The parameter JSON file must include the following names:

- `enabled` (_boolean_): Run this example?
- `dataset` (_string_): The prefix of the dataset (.csv and .json are
appended to get the paths of the data files)
- `synth-method` (_string_): The synthesis method used by the run.
It must correspond to a subdirectory of [`synth-methods`](synth-methods/).
- `parameters` (_object_): The parameters passed to the synthesis
method. The contents of this object will depend on the
`synth-method` used: the contents of this object are documented
separately for each. The following names are common across each method:
- `enabled` (_boolean_): Perform the synthesis step?
- `num_samples_to_fit` (_integer_): How many samples from the input dataset should be
used as input to the synthesis procedure? To use all of the input records, pass a
value of `-1`.
- `num_samples_to_synthesize` (_integer_): How many synthetic samples should be
produced as output? To produce the same number of output records as input records,
pass a value of `-1`.
- `num_datasets_to_synthesize` (_integer_): How many entire synthetic datasets should
be produced?
- `random_seed` (_integer_): the seed for the random number generator (most methods
require a PRNG: the seed can be explicitly passed to aid with the testability and
reproducibility of the synthetic output)
- Additional options for [CTGAN](synth-methods/CTGAN/README.md#additional-synthesis-parameters),
[SGF](synth-methods/sgf/README.md#additional-synthesis-parameters) and
[synthpop](synth-methods/synthpop/README.md#additional-synthesis-parameters)

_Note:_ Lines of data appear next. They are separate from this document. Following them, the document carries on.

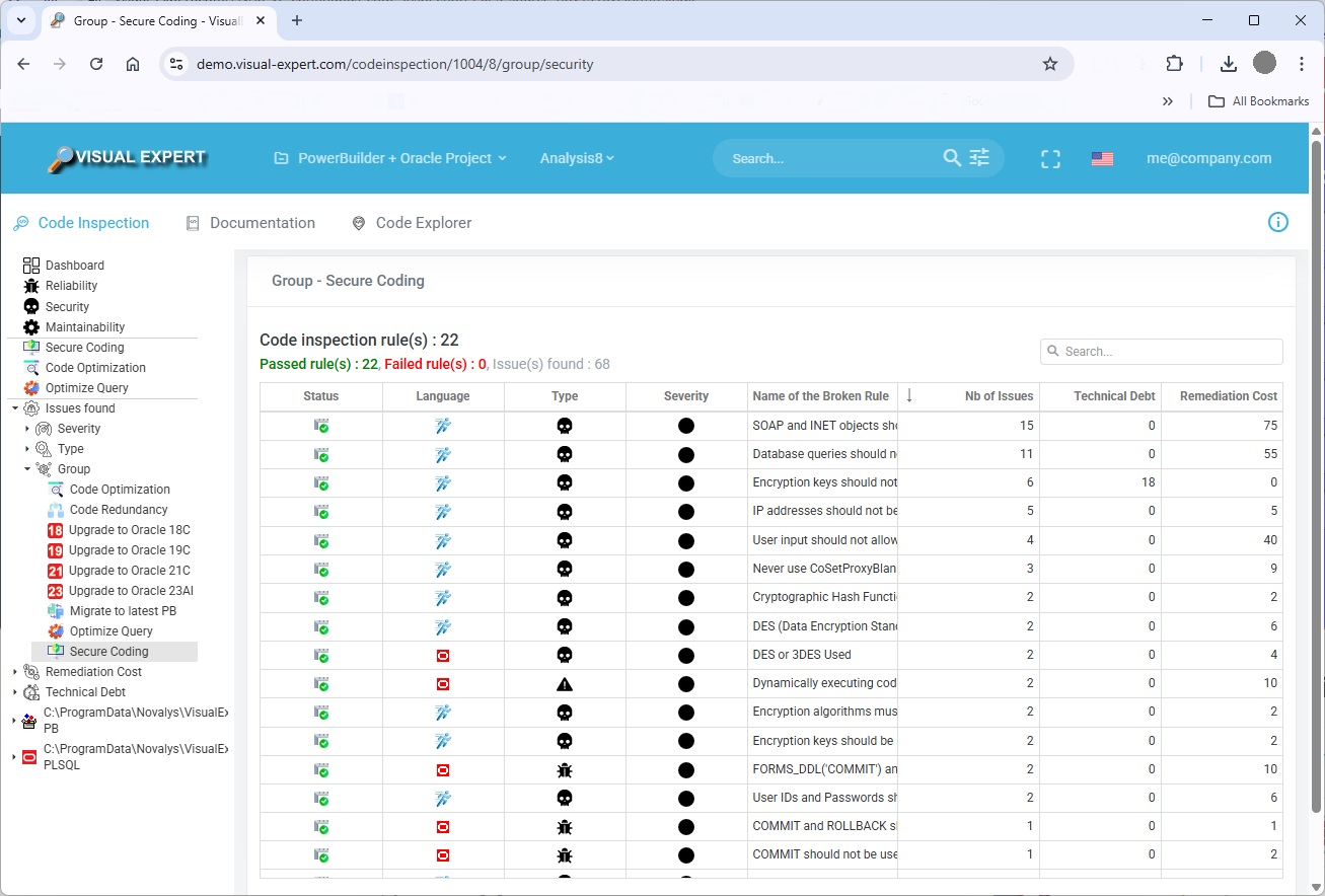 Visual Expert implements a large number of rules, to check your code under various angles and improve its security, stability, and maintainability.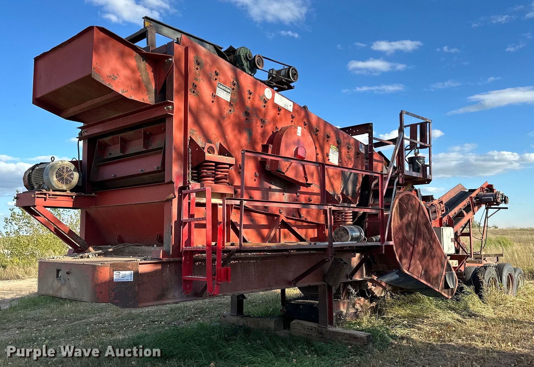 1962 jaw crushing plant. Serial: 45-v-180. Electric Motor Phase: Three. Chassis Axles: Triple. Features Crusher Jaw, Width: 3', Length: 4', Screen Length: 14', Width: 5', Input hopper Length: 3' 7", Width: 4' 2", Vibrating, Discharge conveyor 24' L x 35" W. Tires 11R22.5, 10.00R20, 9R17.5. Notes Unknown operating condition. Consolidated Ready Mix Inc.. Bellingham, MN 56212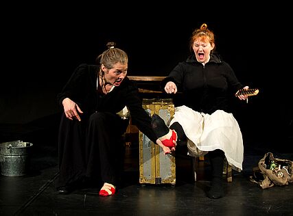 Fassungslos sitzen ihre Stiefschwestern vor den Trümmern ihrer Geschichte.
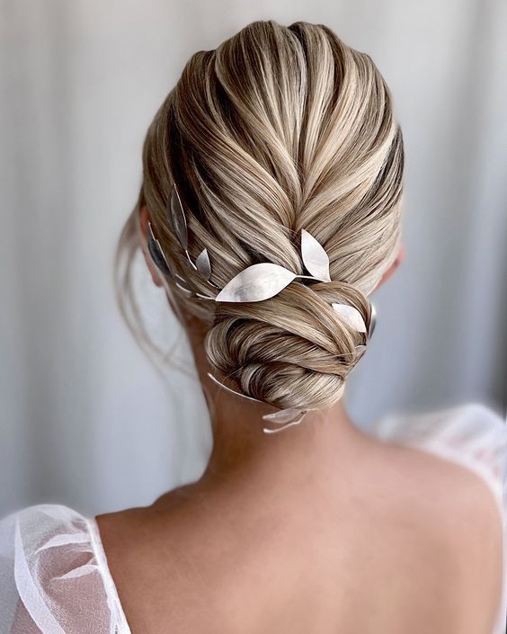 In a graceful nod to contemporary design, this silver hair accessory, with its metallic leaves, weaves through an updo like a gentle breeze. This piece complements a straight hair style or adds a modern twist to curly hair. It’s a versatile choice that suits a civil ceremony, boasting a simple yet sleek design that will appeal to the minimalist bride who enjoys aesthetic touches with a 90s vibe.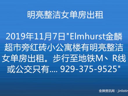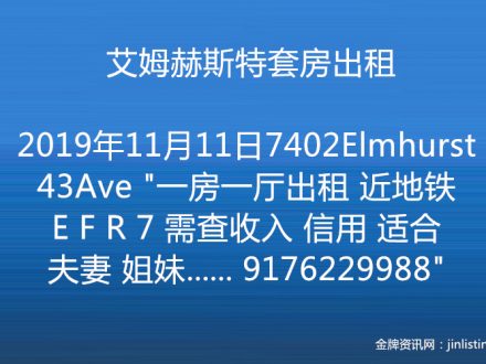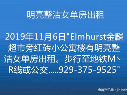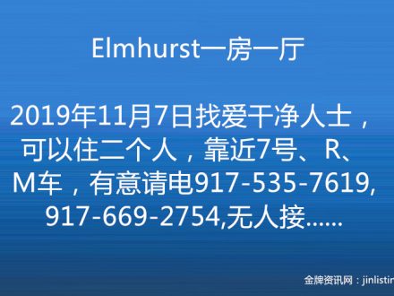 Elmhurst一房一厅 917-535-7619,917-669-2754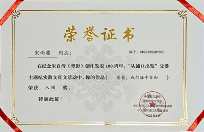 2025年上半年,中国散文学会会同中国现代文学馆、中共南京江北新区宣传和统战部、浦口区委宣传部联合举办“从浦口出发”——朱自清《背影》创作100周年·父爱主题纪实散文征文活动。获知征文信息后,宋雨霜在教学之余酝酿稿件,最终投上作品《爸爸,我们握手言和》。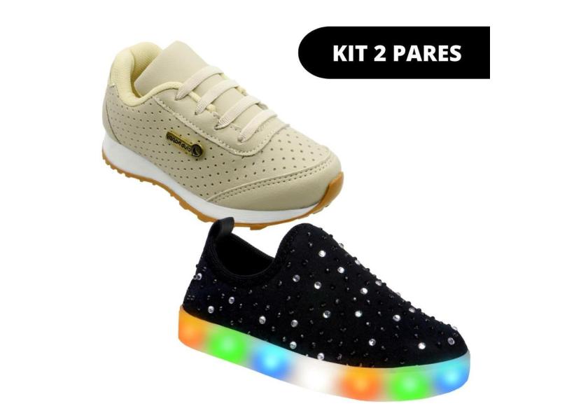 O menor preço encontrado no Brasil para Kit 2 Tênis Led Infanti de Menina Escolar-Feminino atualmente é R$ 254,65.
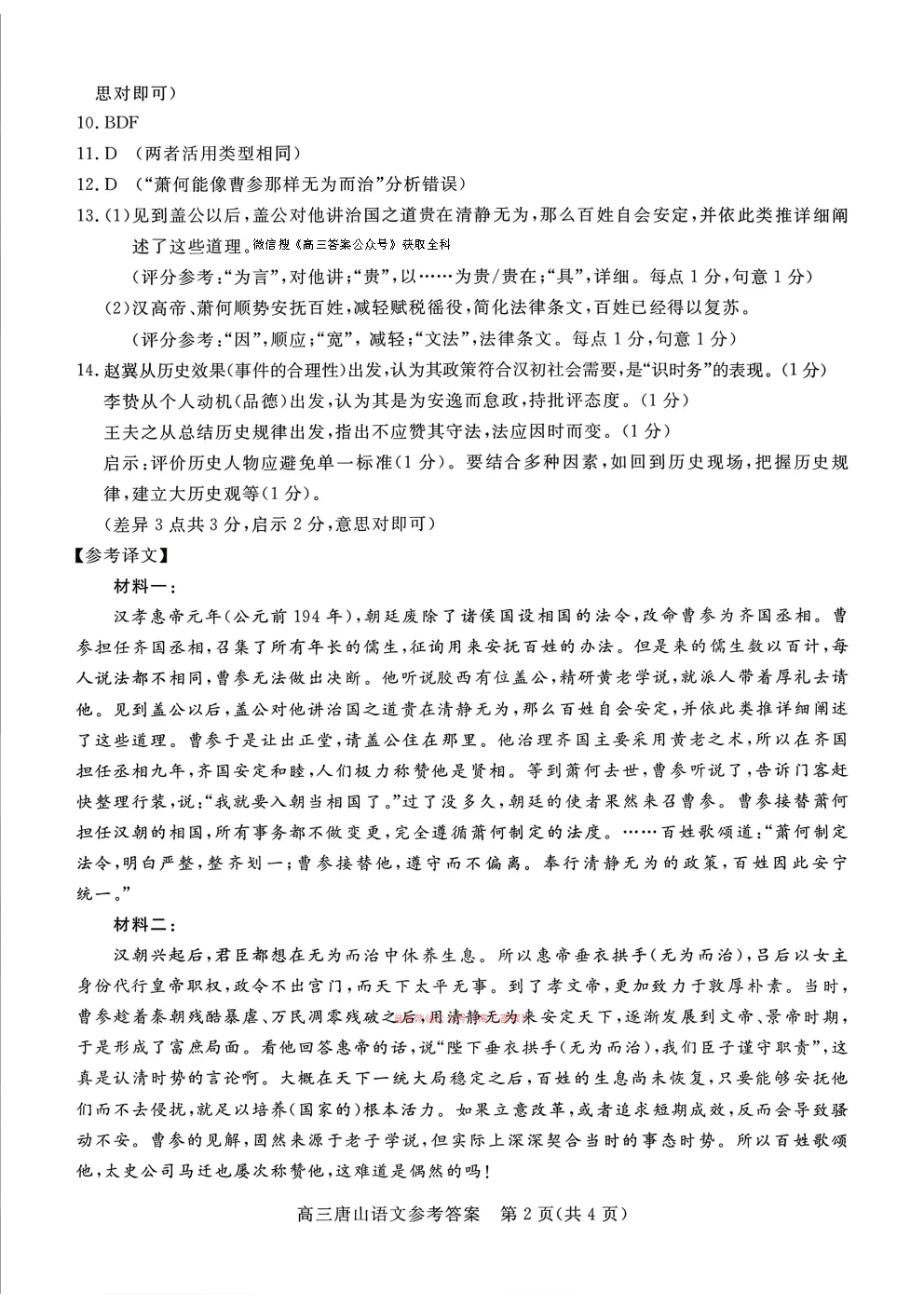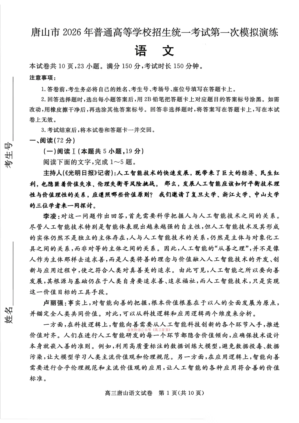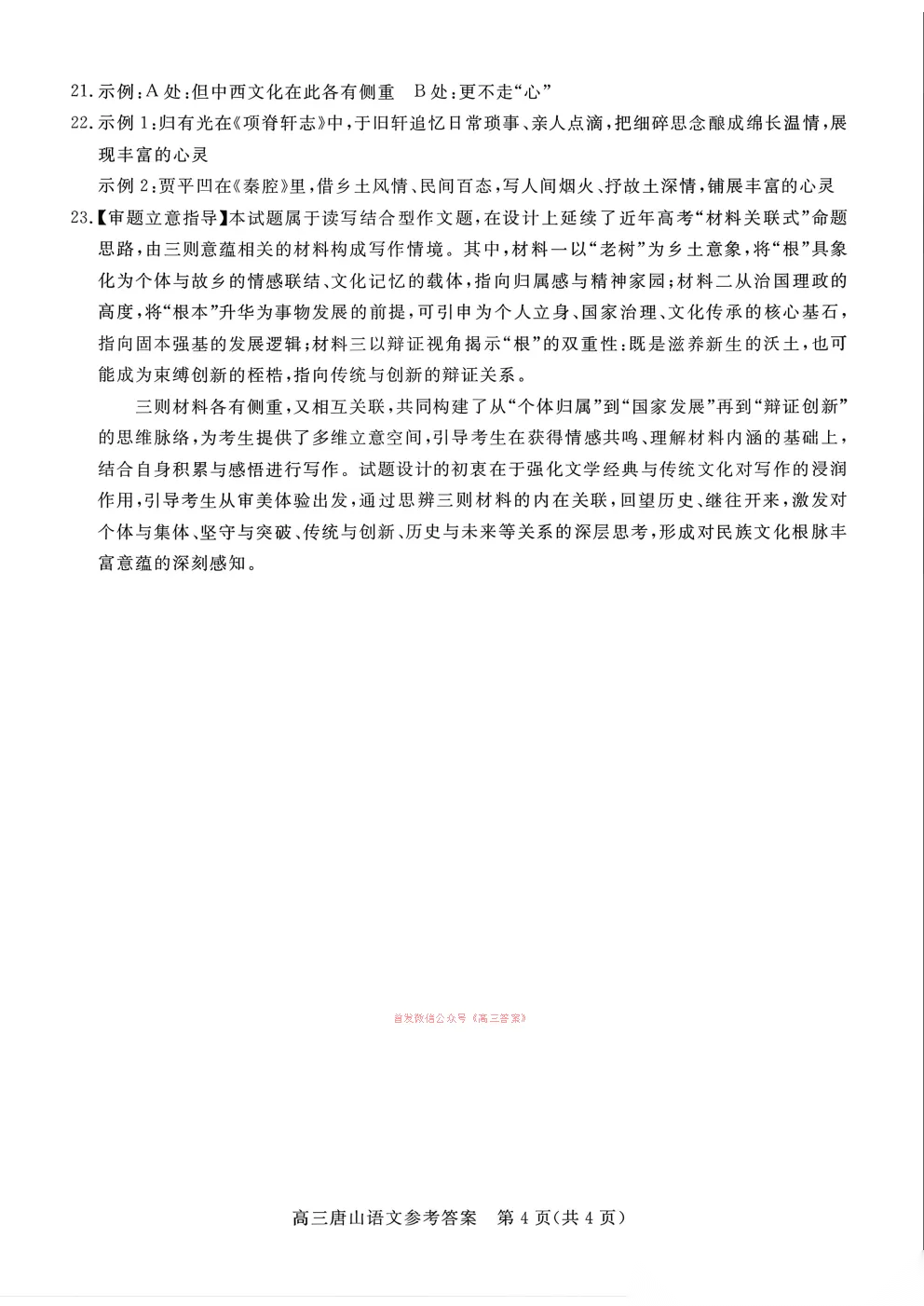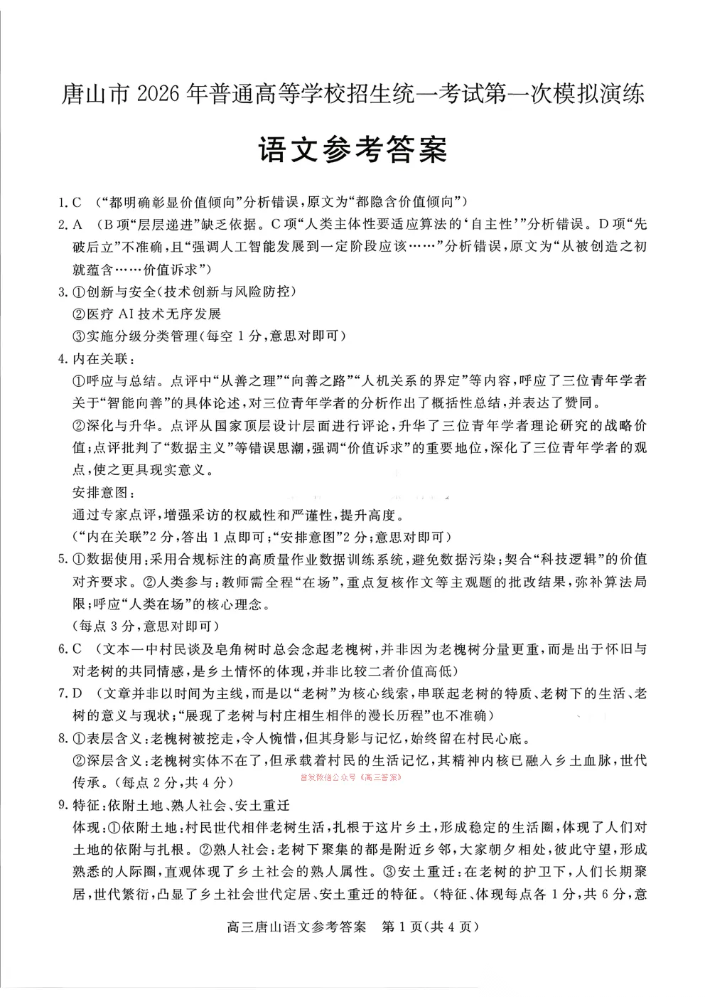 【唐山一模】唐山市2026年高三第一次模拟演练答案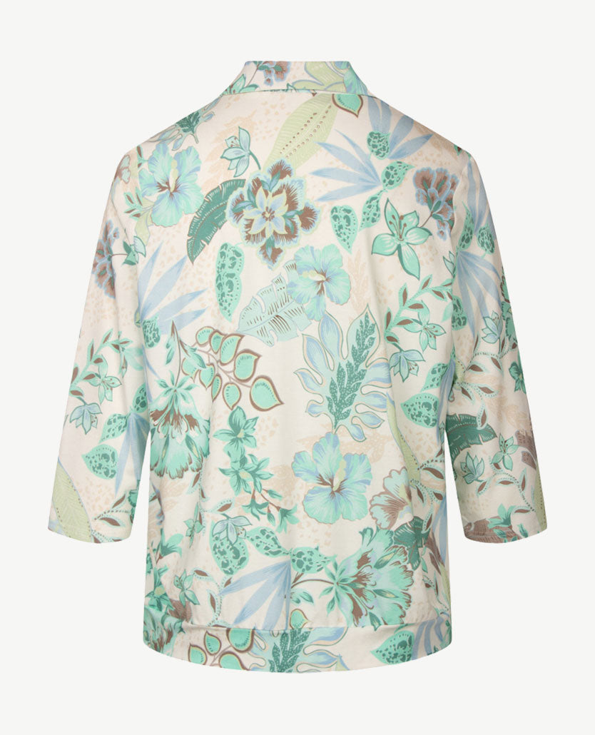 Damespolo in een fris dessin met taupe, groen en turquoise en bleu. Frank Walder heeft een fijne jersey uitgekozen voor dit model, rekt lekker mee. De kraag is dubbel en doorgestikt, net als het beleg. Kan hooggesloten worden met 5 knoopjes en toch open door het extra hoge knoopje. Onderaan een soepele boord waardoor een bloezend effect ontstaat. Kan zo wel in, als over iets heen gedragen worden. We hebben er een mooi taupe kleurige rok bij.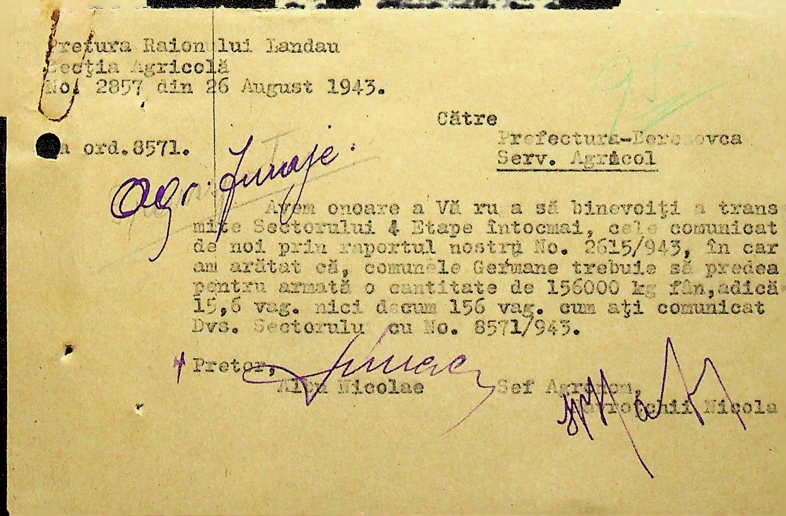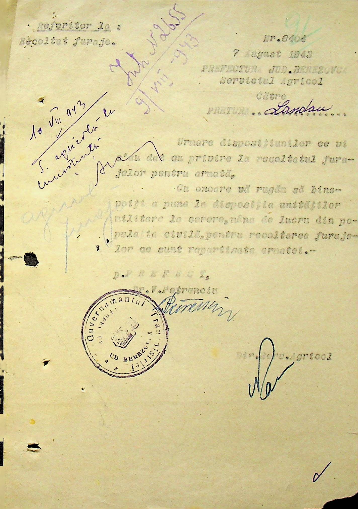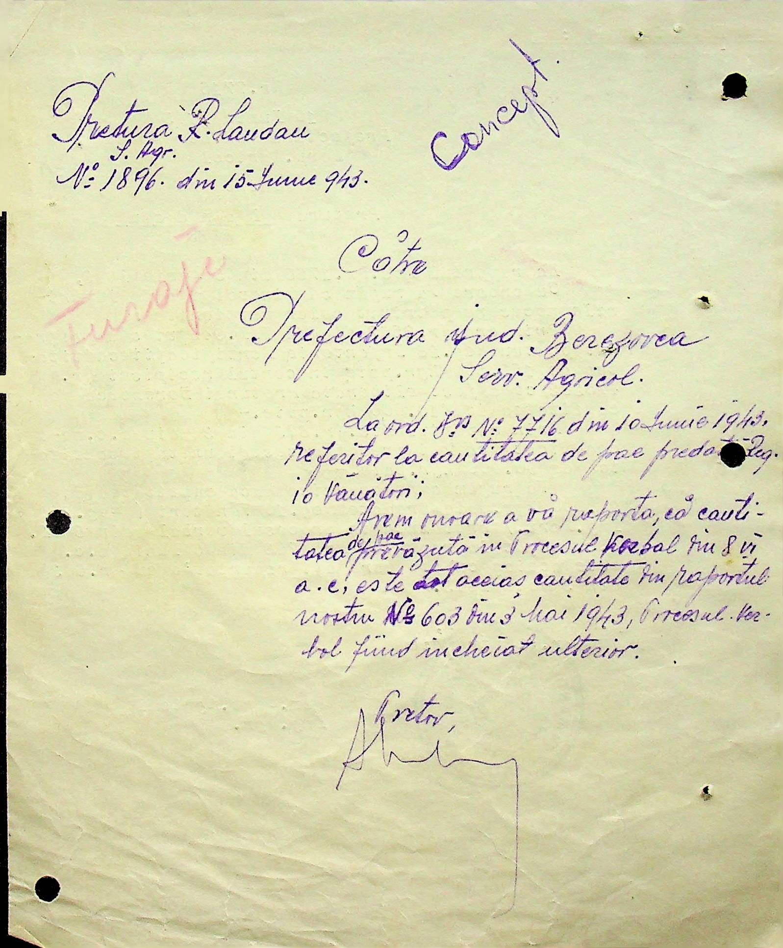 • • • • Справа № 88 Листування з сільськогосподарським відділом префектури Березівського повіту про облік та зберігання продуктів харчування на складах, відвантаження зерна, овочів та фуражу для німецько-румунської армії; протоколи про забезпечення економічних потреб району та задоволення продовольчих потреб німецько-румунських військових частин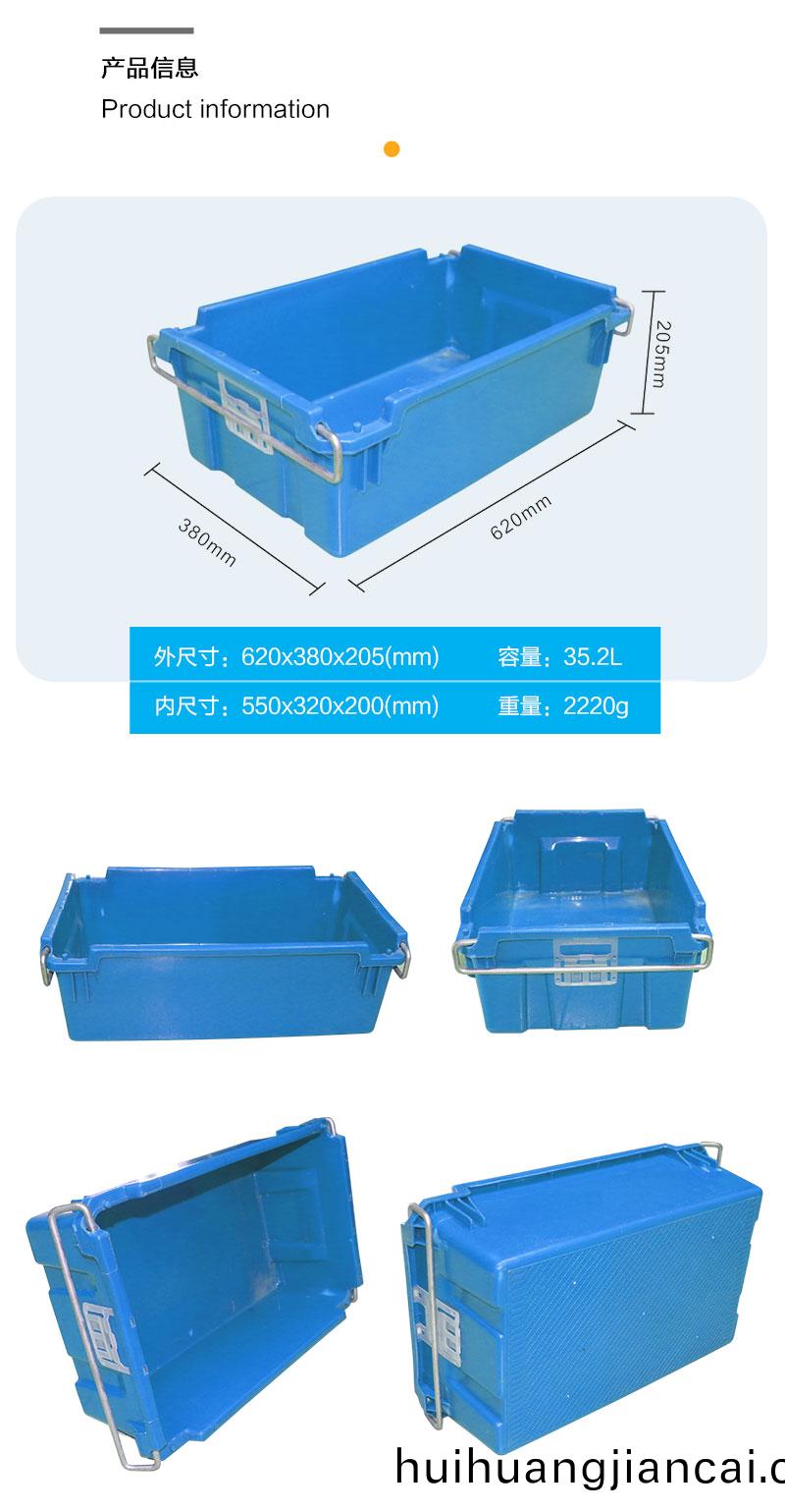 外尺寸:620*380*205mm 內(nei)尺寸:550*320*200mm 材質:抗衝(chong)擊改性PP 重量:1675g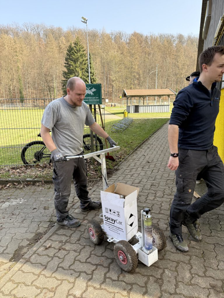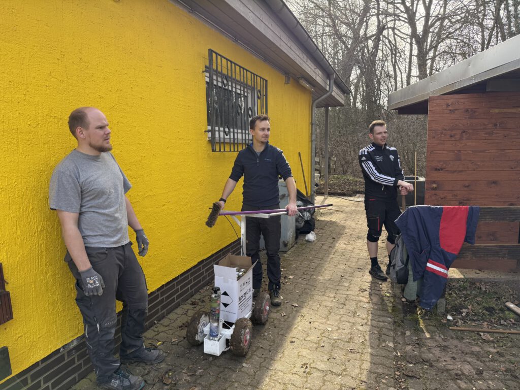 Außerdem machten sich einige Spieler daran den Platz nochmals zu walzen, neu zu vermessen und abzukreiden, damit dem Kampf um drei Punkte heute nichts mehr im Wege steht.

- `parameters_disclosure_risk` (_object_): parameters needed to
compute the disclosure risk privacy score
- `enabled` (_boolean_): compute this score?
- `num_samples_intruder` (_integer_): how many records
corresponding to the original dataset exist in a dataset visible
to an attacker.
- `vars_intruder` (_array_):
- items (_string_): names of the columns that are available in
the attacker-visible dataset.
- `parameters_sklearn_utility` (_object_): parameters needed to
compute the classification utility scores with scikit learn:
- `enabled` (_boolean_): compute this score?
- `input_columns` (_array_):
- items (_string_): names of the columns to use as the
explanatory variables for the classification
- `label_column` (_string_): the column to use for the category
labels
- `test_train_ratio` (_number_): fraction of records to use in
the test set for the classification
- `num_leaked_rows` (_integer_): the number of additional records
from the original dataset with which to augment the synthetic
data set before training the classifiers. This is primarily an
option to enable testing of the utility metric (i.e. the more
rows we leak, the better the utility should become). It should
be set to 0 during normal synthesis tasks.